R3#sh mpls forwarding-table | in 11.0.0.0
19         18         11.0.0.0/8       0             Fa0/0      172.16.0.2
R3#

Applying the configuration

In R2…

access-list 1 deny   11.0.0.0
access-list 1 permit any

to pair 3,3.3.3

access-list 2 permit 3.3.3.3
access-list 2 deny   any

no mpls ldp advertise-labels
mpls ldp advertise-labels for 1 to 2



R3#sh mpls forwarding-table
Local      Outgoing   Prefix           Bytes Label   Outgoing   Next Hop
Label      Label      or Tunnel Id     Switched      interface
16         16         1.0.0.0/8        0             Fa0/0      172.16.0.2
17         No Label   2.0.0.0/8        0             Fa0/0      172.16.0.2
18         Pop Label  192.168.0.0/24   0             Fa0/0      172.16.0.2
19         No Label   11.0.0.0/8       0             Fa0/0      172.16.0.2
20         No Label   22.0.0.0/8       0             Fa0/0      172.16.0.2


No valid outgoing label for 11.0.0.0/8

Go To ..MPLS LDP binding  filtering



MPLS LDP-IGP Synchronization

The synchonisation problem can occur when LSRs restart. The IGP can be quicker in establishing the adjacencies than LDP can establish its sessions. This means that the IGP forwarding is already happening before the LFIB has the necessary information to start the correct label forwarding.

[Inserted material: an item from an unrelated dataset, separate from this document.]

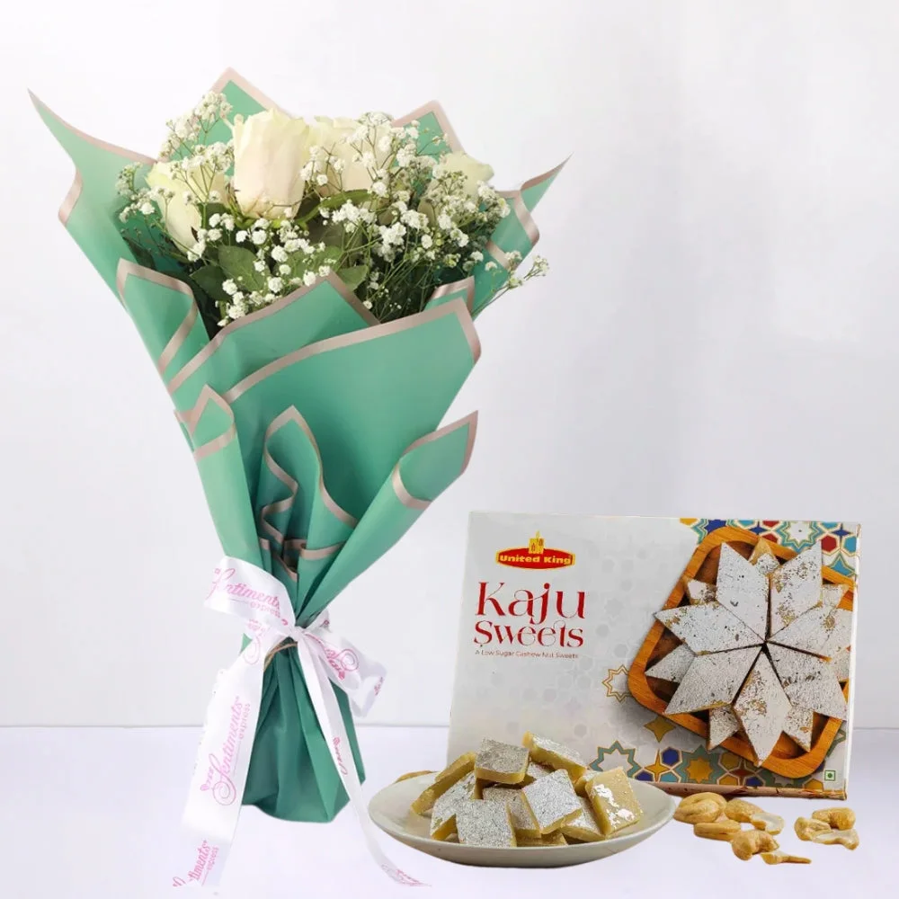 Celebrate with sophistication and sweetness through Kaju Sweet paired with an Elegant Bouquet of White Roses. This exquisite combination blends the rich, nutty flavor of Kaju Sweet with the pure beauty of white roses, offering a refined gift that radiates grace and indulgence for any special occasion.

The packets are incorrectly forwarded (unlabeled) or dropped until the LDP session is established.The solution is MPLS LDP-IGP Synchronization. This feature ensures that the link is not used to forward (unlabeled) traffic when the LDP session across the link is down. Rather, the traffic is forwarded out another link where the LDP session is still established.


this can be enable   by mpls ldp sync, and it is configured under the router process mainly in ospf.